Docker (Recommended)

docker run -d -p 8191:8191 --name flaresolverr rorqualx/flaresolverr-go:latest

The image declares /tmp/rod as a VOLUME, so Chromium's per-browser user-data dirs land in an anonymous Docker volume (cleaned up by docker rm -v) instead of the container's writable layer. These dirs are removed after every browser close, so they do not accumulate on disk.

⚠️ Do not mount a tmpfs at /tmp/rod (or /tmp). It is a common suggestion for "putting browser scratch space in RAM", but it breaks Chromium launch (GitHub issue #10):

tmpfs defaults to noexec, so Chromium's launch helper cannot exec → permission denied.

A nested tmpfs at /tmp/rod breaks Chrome's process-singleton lock → Failed to get the debug url: Opening in existing browser session. This is the failure most commonly hit on Unraid.

The container works correctly with no tmpfs flag — just use the default anonymous volume.
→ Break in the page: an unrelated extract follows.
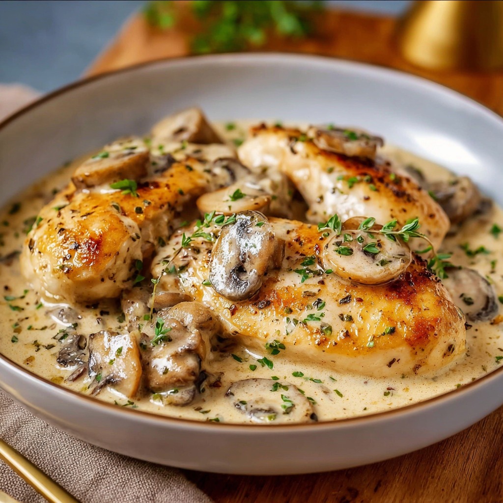 En fin de cuisson, le persil ciselé est ajouté pour apporter une note fraîche et herbacée. L’assaisonnement peut être ajusté à ce moment en ajoutant un peu de sel ou de poivre selon le goût. Le plat peut être servi immédiatement, accompagné de riz, de pâtes ou de pommes de terre vapeur. La sauce crémeuse, enrichie par les champignons, s’accorde parfaitement avec ces accompagnements qui absorbent et valorisent sa texture onctueuse.

If you really want browser scratch space in RAM, mount a tmpfs with the exec option at a path that is not nested under /tmp/rod.

From Source

go build -o flaresolverr ./cmd/flaresolverr
./flaresolverr

Check Version

./flaresolverr --version

API Reference

The API accepts POST requests with JSON body at both / and /v1 endpoints. All commands return the same response format.

Endpoints

Endpoint	Method	Description
`/`	POST	Main API endpoint (legacy)
`/v1`	POST	Main API endpoint (recommended)
`/health`	GET	Health check with pool and domain stats
`/metrics`	GET	Prometheus-compatible metrics
`/docs`	GET	OpenAPI 3.0 specification (YAML)

Commands

`request.get` - Fetch a URL

Navigates to a URL, solves any Cloudflare challenges, and returns the page content.
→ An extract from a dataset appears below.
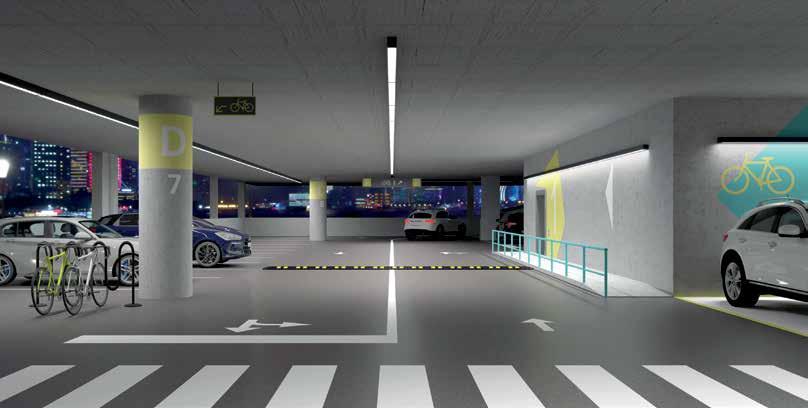 EXTEND 4 Pendant in the carpark combines with EXTEND 2 Wall in the background to enhance private garage spaces.

curl -X POST http://localhost:8191/v1 \
  -H "Content-Type: application/json" \
  -d '{
    "cmd": "request.get",
    "url": "https://example.com",
    "maxTimeout": 60000
  }'

`request.post` - Submit a POST request

Navigates to a URL with POST data.

curl -X POST http://localhost:8191/v1 \
  -H "Content-Type: application/json" \
  -d '{
    "cmd": "request.post",
    "url": "https://example.com/login",
    "postData": "username=user&password=pass",
    "maxTimeout": 60000
  }'

`sessions.create` - Create a persistent session

Creates a session that persists cookies and browser state across requests.

curl -X POST http://localhost:8191/v1 \
  -H "Content-Type: application/json" \
  -d '{
    "cmd": "sessions.create",
    "session": "my-session-id",
    "session_ttl_minutes": 60
  }'

The optional session_ttl_minutes parameter overrides the global SESSION_TTL for this session (1-1440 minutes). If omitted, the server default is used.
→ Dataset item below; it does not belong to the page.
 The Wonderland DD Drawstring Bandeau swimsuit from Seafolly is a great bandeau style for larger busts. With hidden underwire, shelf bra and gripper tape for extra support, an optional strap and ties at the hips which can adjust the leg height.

`sessions.list` - List active sessions

curl -X POST http://localhost:8191/v1 \
  -H "Content-Type: application/json" \
  -d '{
    "cmd": "sessions.list"
  }'

`sessions.keepalive` - Refresh a session's TTL

Touches the session to prevent expiration. Optionally extends the TTL.

curl -X POST http://localhost:8191/v1 \
  -H "Content-Type: application/json" \
  -d '{
    "cmd": "sessions.keepalive",
    "session": "my-session-id",
    "keepaliveTtl": 120
  }'

If keepaliveTtl is provided (in minutes), the session's TTL is updated to that value. If omitted, the session is simply touched to reset its inactivity timer.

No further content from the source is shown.